6. The method of claim 5, wherein the third step uses a linear regression method to determine the critical shear force for the sipe erosion.

7. The method of determining critical shear for fine erosion as in claim 6, wherein said step three comprises:

drawing a graph of soil particle areas and critical shear forces corresponding to different photos;

and determining the critical shear force corresponding to the intersection point of the linear regression line of the slow critical shear force increasing stage and the linear regression line of the fast critical shear force increasing stage as the critical shear force of the fine ditch erosion of the soil sample.
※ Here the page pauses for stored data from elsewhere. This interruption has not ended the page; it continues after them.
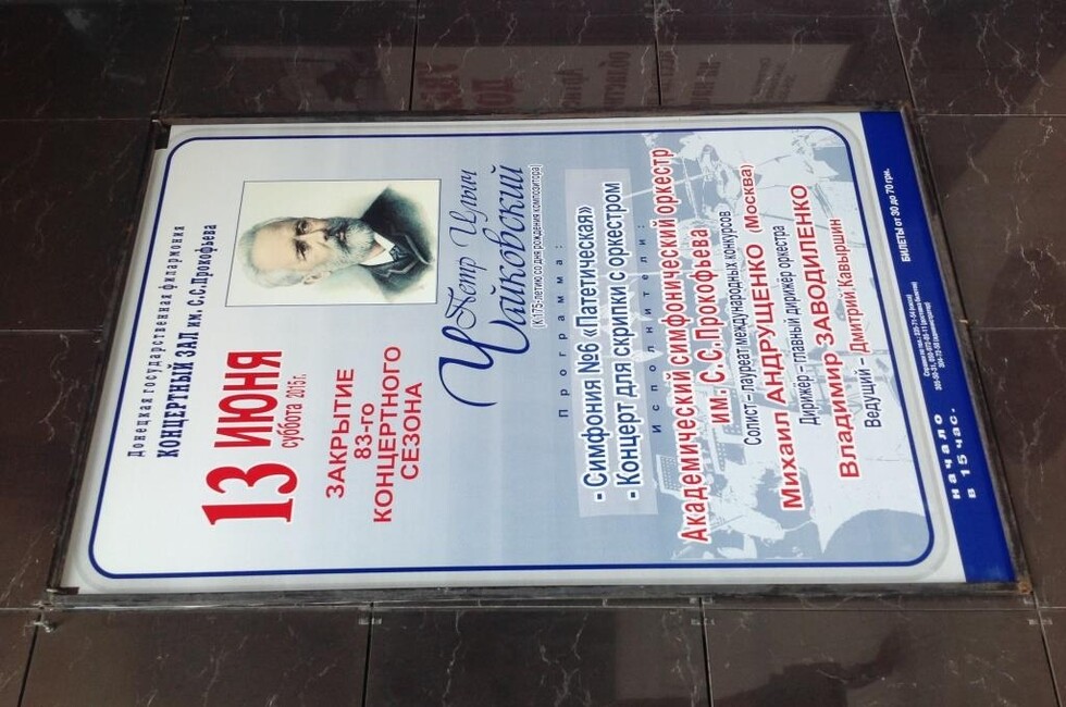 В программу вошли "Патетическая" симфония Чайковского и скрипичный концерт с оркестром. Как рассказал ДАН художественный руководитель филармонии Олег Бахтиозин, для исполнения сольной программы был приглашен лауреат международных конкурсов Михаил Андрущенко из Москвы. Концертный зал был заполнен слушателями.
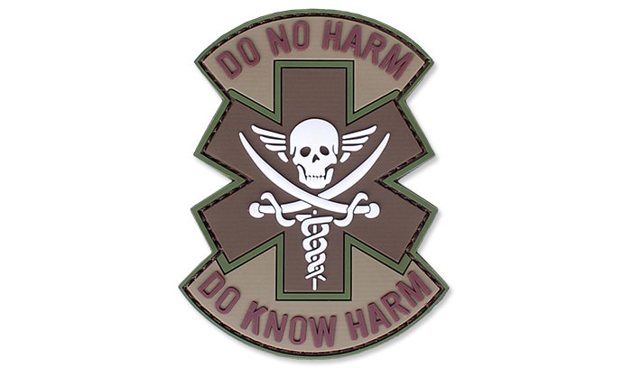 Medical morale patches are patches for medical personnel whose purpose is to raise morale. Such patches may contain humorous slogans or graphics to help the soldier maintain a positive mindset during difficult times. Medical morale patches often have both a motivational and identification function.
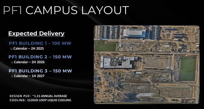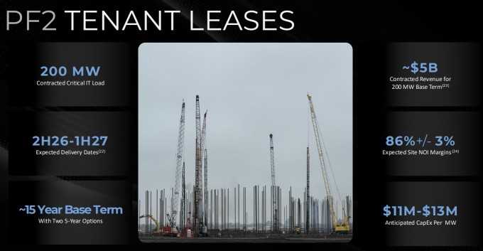 이로써 폴라리스 포지 1의 핵심 IT 부하 용량이 100MW로 완전히 충족되며, 예정대로 제공되었다. 이는 코어위브를 위한 400MW 완전 계약 배포의 일부로, 약 15년간 약 110억 달러의 임대 수익을 창출할 것으로 예상된다.

8. The method of claim 5, wherein the third step uses Pettitt mutation test to determine the critical shear force.

9. The method of determining critical shear for fine erosion as in claim 8, wherein said step three comprises:

time series of critical shear forces for fine groove erosion，t∈[1，n]N is the sequence length, construct statistics sequence->：

，/>The value is 1;

，/>the value is 0;

，/>the value is-1; j E [1, t]；

Defining statisticsIf the time t satisfies the following conditions:

the critical shear force corresponding to time t is determined as the critical shear force of the soil sample for trench erosion.